A former business associate of Spence’s had died that week, and he told us about the visitation service that morning. “I’ll just never get used to it,” he said, “seeing a body like that in a casket. I’ve been to probably a hundred funerals and wakes in my life, but I just can’t stand it.” He turned to my mother. “Remember, if I die—”

“I know, my love.” She gave him a patient smile that said she’d had this conversation before. “A closed casket.”

“There was a closed casket for Dad, wasn’t there?” I said.

Everyone went still, looking at me. Spence often talked, even joked, about his death, and in general death was not a conversation we shied away from in my family. Except we rarely spoke of my father’s anymore. My mother had slipped into a severe depression after he died, and I’d often thought we all still acted afraid, as if any mention of the topic could send her reeling again.

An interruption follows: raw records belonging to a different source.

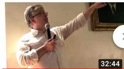
Greek ACM-W GEC 2019: Keynote 4 Aristotle Tympas
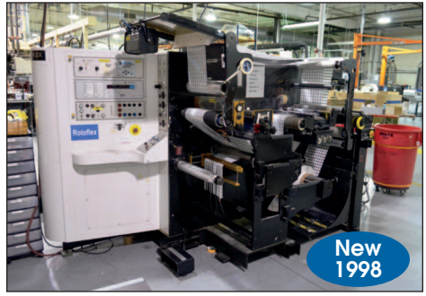
ROTOFLEX 16" SLITTER REWINDER, MODEL VLI1400
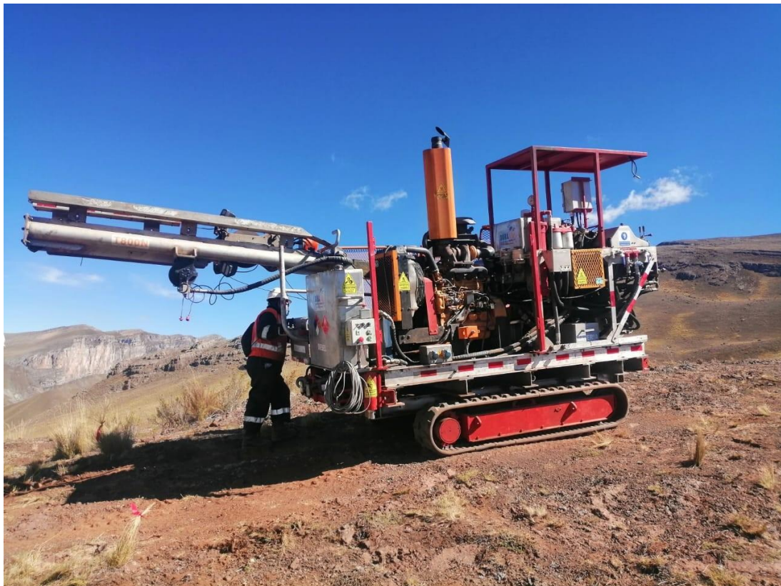
Photo 3: The drill rig whilst mobilising to the platform. As a highly manoeuvrable track-mounted rig, elaborate access tracks were not, and will not be required for most of the NE Area FTA drill program. Notwithstanding the compactness of the rig, diamond core drilling can reach depths of greater than 1,000m. The deepest hole in our program is 750m.
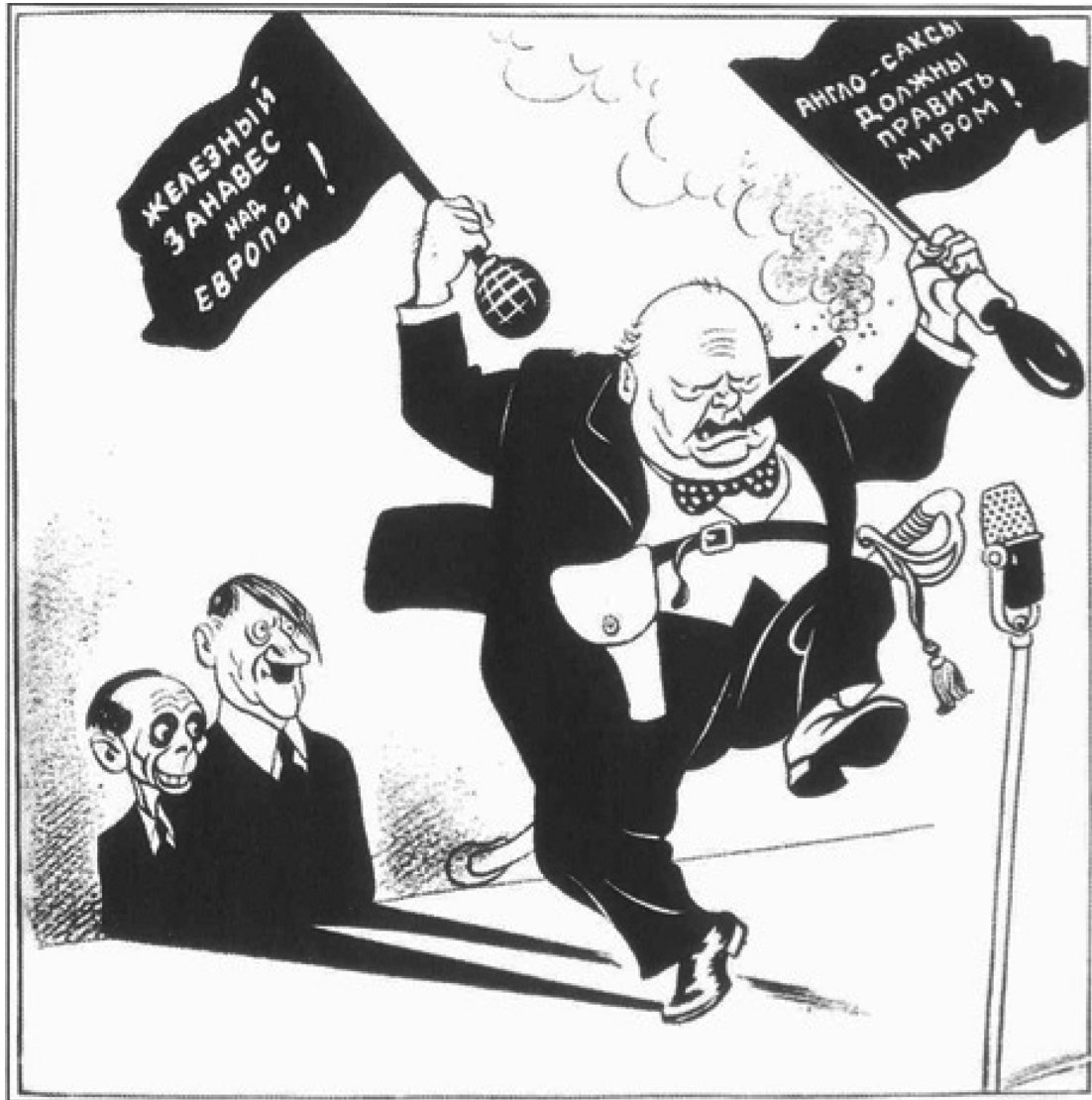
A cartoon entitled 'Churchill and His Predecessors' published in a Soviet magazine, March 1946. The flags read 'Iron Curtain Over Europe' and 'The English Should Rule the World.'
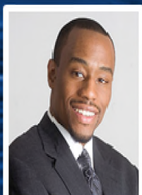
Dr. Marc Lamont Hill
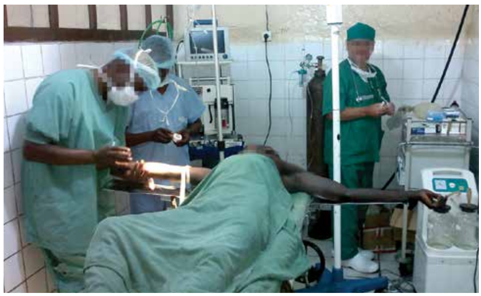
Figure 4. Health staff involved in preoperative procedures (Baumgartner-Henley)
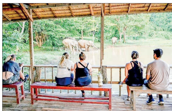
Tourists check out the elephants at the ECC's 500-hectare sanctuary.

Around 10 elephants die each year for every one to two born, a rate that puts the animals at risk of dying out completely in the Southeast Asian nation. Efforts to conserve Laos' dwindling elephant population focus on breeding programmes, DNA analysis, and sanctuary care to preserve genetic diversity and support potential wild population recovery amidst declining numbers. — AFP
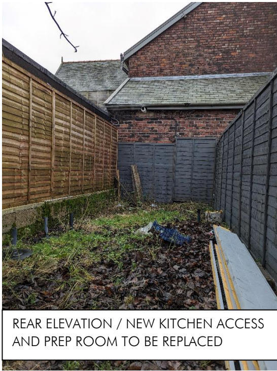
REAR ELEVATION / NEW KITCHEN ACCESS AND PREP ROOM TO BE REPLACED
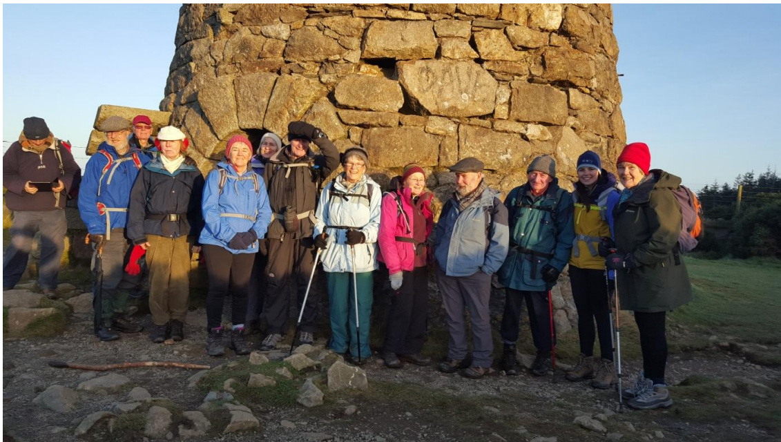
Members of the grades 3,4 and 5 at the Lead Mines Chimney on the Combine walk on St Stephen's Day.
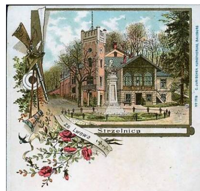
Fig. 2. Façade painting of the former city shooting range. Watercolour of the end of the nineteenth century. Source: [7]

But my mother nodded and answered quickly now. “Yes, a closed casket. That’s what they’d always done in your father’s family. But it was also required because they never found his body.”

“So no one ever saw him? Like, to identify him?”

The silence returned, hardened. I felt Charlie nudge me with his knee under the table.

“I’m just curious,” I said, as lightly as possible. “I don’t know why. I’m sorry …” My words trailed off.

“Don’t be sorry,” my mother said. “You’re entitled to ask such questions. We probably should have had more discussions like this in the past. But the answer is no. When a helicopter goes down like that, the water is as unforgiving as the ground, and so it shattered on impact.” She closed her eyes, as if seeing it, then opened them again. “They found wreckage, which is how they knew the location of the crash. But they couldn’t find a body. I was told that’s fairly typical for a crash into a large body of water like Lake Erie.”

“Something went wrong with the blades, right?”

“From the wreckage and from his last call, it sounded like the blades flexed in a way they weren’t supposed to and they cut the tail off.”

“Wouldn’t they notice a problem like that before he went up?”

“He did an inspection with the instructor and didn’t see any problems. The instructor told me later they thought your father had gotten into some kind of problem, something about oscillation. They think he overcorrected and caused the blades to flex.”

“Who was the instructor?”

My mother looked up in the air, as if searching for the answer there, then shook her head. “He was with the local aviation company. R.J. was his first name. I can’t remember his last.” Another shake of her head. “Maybe I don’t want to remember.”

I opened my mouth to ask another question, but I felt my brother staring intently at me. When I looked at him, he shook his head slowly and gave me a look that seemed to say, Enough, Izzy. Enough for now.